The Big Danger of Big Data

It’s no exaggeration to say that Big Data is revolutionizing and will revolutionize how business is done. Dynamic pricing models, customized customer experiences, real-time adaptations in production and distribution – the opportunities for businesses are endless.
Yet opportunity brings with it danger. And a significant danger looms in the world of Big Data.
Data may be objective but our interpretation of it is subjective. And we fall prey to a multitude of cognitive biases that distort our judgment and decision-making.

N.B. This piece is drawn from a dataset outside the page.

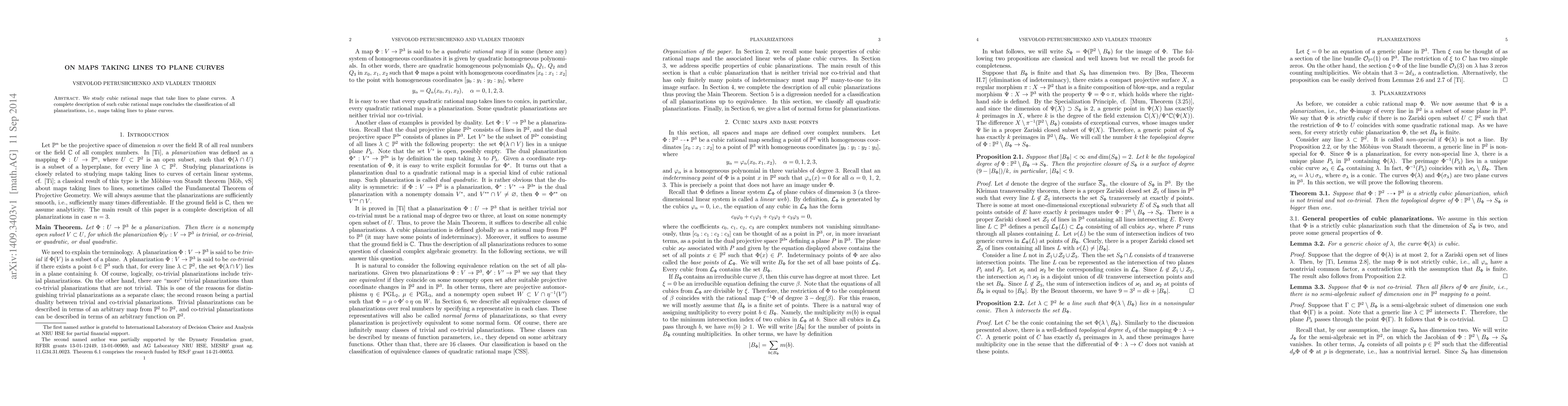 This paper classifies cubic rational maps that transform lines into plane curves, providing a complete description of all planarizations, which are maps taking lines to plane curves. The study concludes the classification of such transformations in the plane.

Imagine a company that over seven years loses 14% of its revenues and 9% of its market share. How would you assess the CEO? A failure, right? How would you assess a CEO who over seven years turns an annual loss of almost $13B into a profit of more than $7B? A success? Now what if I told you it was the same CEO? The goal of Alan Mulally, former CEO of Ford, was to shrink and focus the company so it could become much more profitable.
So what’s going on here? What’s going on is that we tend to draw conclusions from available information without asking if that information is sufficient to draw a valid conclusion. We have a conclusion bias. – a bias to conclude, not to ask if we should conclude or what additional information we should have to conclude.
Another example: the confirmation bias, which refers to our tendency to search for, focus on and remember information that aligns with our preconceptions. Hmmm, think you’ve ever done that?
Here’s the net of this: Big data isn’t the solution. Our ability to properly interpret and utilize data – that’s the solution.
Big data demands big interpretation. Otherwise, it’s big danger.